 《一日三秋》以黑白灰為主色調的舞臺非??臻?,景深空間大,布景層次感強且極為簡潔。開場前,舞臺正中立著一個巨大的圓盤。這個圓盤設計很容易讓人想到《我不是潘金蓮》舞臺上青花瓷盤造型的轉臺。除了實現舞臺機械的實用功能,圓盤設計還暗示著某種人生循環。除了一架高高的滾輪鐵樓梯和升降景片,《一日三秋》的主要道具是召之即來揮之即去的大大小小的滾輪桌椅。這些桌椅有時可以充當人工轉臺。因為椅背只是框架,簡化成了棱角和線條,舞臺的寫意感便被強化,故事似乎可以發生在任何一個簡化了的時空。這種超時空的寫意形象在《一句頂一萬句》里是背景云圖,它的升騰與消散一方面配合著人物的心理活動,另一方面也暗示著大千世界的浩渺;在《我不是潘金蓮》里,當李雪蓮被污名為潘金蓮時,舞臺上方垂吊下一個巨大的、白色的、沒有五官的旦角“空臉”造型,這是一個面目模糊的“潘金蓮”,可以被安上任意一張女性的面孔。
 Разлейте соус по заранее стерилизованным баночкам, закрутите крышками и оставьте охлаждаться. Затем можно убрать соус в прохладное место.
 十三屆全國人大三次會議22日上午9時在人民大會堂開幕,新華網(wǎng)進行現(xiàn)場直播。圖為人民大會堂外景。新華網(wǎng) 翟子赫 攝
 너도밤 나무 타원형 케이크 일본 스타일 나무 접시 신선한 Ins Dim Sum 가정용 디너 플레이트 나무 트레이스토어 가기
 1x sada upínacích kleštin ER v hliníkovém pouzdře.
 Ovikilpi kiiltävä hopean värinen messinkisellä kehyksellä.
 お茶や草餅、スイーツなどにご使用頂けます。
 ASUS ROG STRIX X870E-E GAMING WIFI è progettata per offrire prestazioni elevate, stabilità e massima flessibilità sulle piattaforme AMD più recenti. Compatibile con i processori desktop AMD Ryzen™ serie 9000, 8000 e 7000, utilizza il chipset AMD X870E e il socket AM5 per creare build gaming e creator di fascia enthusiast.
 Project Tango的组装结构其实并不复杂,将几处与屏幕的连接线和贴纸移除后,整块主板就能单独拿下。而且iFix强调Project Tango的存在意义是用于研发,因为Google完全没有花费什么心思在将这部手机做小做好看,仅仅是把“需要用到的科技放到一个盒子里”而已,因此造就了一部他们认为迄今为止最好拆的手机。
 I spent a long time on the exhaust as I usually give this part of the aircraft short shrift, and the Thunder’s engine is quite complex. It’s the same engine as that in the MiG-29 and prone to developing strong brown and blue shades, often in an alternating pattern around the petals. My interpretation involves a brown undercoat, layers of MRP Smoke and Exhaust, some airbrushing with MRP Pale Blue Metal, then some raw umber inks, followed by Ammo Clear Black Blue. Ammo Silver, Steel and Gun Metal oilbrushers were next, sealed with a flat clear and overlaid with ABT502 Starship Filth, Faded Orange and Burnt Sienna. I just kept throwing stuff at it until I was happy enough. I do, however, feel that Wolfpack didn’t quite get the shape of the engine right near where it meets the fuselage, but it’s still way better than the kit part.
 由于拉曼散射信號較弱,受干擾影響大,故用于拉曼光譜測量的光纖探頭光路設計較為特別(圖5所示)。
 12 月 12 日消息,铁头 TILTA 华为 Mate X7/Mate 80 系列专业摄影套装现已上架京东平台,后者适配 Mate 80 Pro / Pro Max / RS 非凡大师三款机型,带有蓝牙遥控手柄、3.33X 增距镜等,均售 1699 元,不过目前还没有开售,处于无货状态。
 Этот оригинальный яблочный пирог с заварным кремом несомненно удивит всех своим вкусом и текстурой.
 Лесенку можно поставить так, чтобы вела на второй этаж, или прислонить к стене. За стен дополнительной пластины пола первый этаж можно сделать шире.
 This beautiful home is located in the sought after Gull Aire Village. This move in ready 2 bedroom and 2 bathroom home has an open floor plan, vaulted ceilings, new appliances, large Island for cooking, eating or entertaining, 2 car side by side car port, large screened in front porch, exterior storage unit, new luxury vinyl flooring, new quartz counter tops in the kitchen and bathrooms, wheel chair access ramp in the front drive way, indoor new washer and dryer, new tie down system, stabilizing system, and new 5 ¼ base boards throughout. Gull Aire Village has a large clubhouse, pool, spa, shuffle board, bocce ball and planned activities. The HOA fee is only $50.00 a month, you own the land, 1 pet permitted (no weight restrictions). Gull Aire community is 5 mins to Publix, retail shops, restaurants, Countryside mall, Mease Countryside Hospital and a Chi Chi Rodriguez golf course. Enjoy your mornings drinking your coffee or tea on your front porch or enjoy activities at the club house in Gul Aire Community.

EXERCISE BRIEF – How many lines of the listing above contain the string "можно"? Only the number is wanted.

EXERCISE SOLUTION – 2